Among the singers, the standout was certainly Hai-Ting Chinn in the title role — I also have fond memories of her Poppaea last summer at the Poisson Rouge (that asteroid we landed on in Greenwich Village, Captain). She has a curiously vibrato-less sound in a voice of great beauty, and she is a fine actress — I would like to hear what she can do without microphones and over a real orchestra. Tenor John Young made a worthy, sexy Aeneas and Andrew Nolen’s voice, difficult to appreciate when he sang basso deities through microphones, was also well deployed as a love-maddened countertenor Jarbas. (I know countertenors all have deeper voices when not singing, but I don’t think I’ve heard one use both voices to sing in the same performance before.) Kamala Sankaram has a character soprano, more tricky than attractive, but she can play the accordion too.

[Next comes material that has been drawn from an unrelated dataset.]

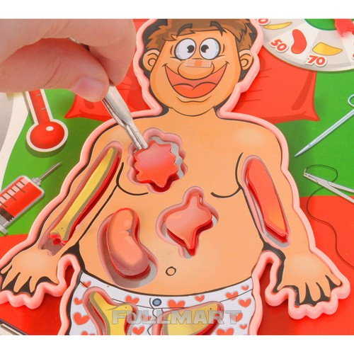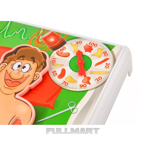 Операционная игра учит терпению и концентрации. Каждый игрок должен с помощью щипцов вытащить часть тела, указанную колесом фортуны, которое было положено на кровать пациента. Нельзя касаться края, иначе пациент «задрожит», и вы потеряете ход.
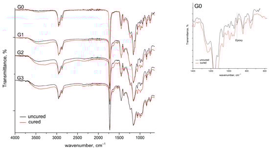 Figure 4 represents IR spectra G-series reactive copolymer-PA blends before and after curing process. For the unmodified binder (G0), the FTIR spectrum exhibits a distinct absorption band at 908 cm−1, attributed to the epoxy ring stretching of glycidyl methacrylate units. This peak remains visible even after the curing process at 100 °C for 30 min, indicating that thermal treatment alone is not sufficient to induce complete epoxy ring opening in the absence of reactive species. In contrast, the PA-incorporated systems (G1–G3) show a significant reduction or disappearance of the epoxy signal both before and after curing. This observation suggests that phytic acid facilitates partial ring opening reactions, likely through nucleophilic attack of phosphate oxygen atoms on the epoxy groups, leading to the formation of phosphate–ether linkages even at room temperature. Upon curing, a further consolidation of these interactions occurs, as evidenced by increased band intensity in the P–O and C–O stretching region (1050–950 cm−1). These spectral changes support the presence of chemical crosslinking between phytic acid and epoxy functionalities, enhancing network formation and contributing to improved film performance.

Other performers included Scott Shepherd as an identity-wracked spaceman, Ari Flakos as the pensive captain, Hank Heijink (what a great name!) as the ghost of Dido’s husband, and the Wooster Group’s ever-deadpan first lady, Kate Valk, strolling in and out of jokes and genres with her usual grave laughter. Jennifer Griesbach appears to have been in charge of the musical side of things, and there was so much beauty in the score that the distractions only seemed to enhance it.
The experience was enjoyable on many different sensual planes, but — this sort of thing could get out of hand. These creatures — do we understand what their intentions are? They may be feeding on our inner, human craving for opera in ways scientists do not perfectly comprehend. If we do not take a firm stand, they may absorb us, control us, rewire us, detach us from our original natures, create a new sort of art-work of the future. This could be the look of opera in ages to come. This could be the end of music-drama as we know it.
Fact is, Captain — I’m afraid. Do you hear something — strange?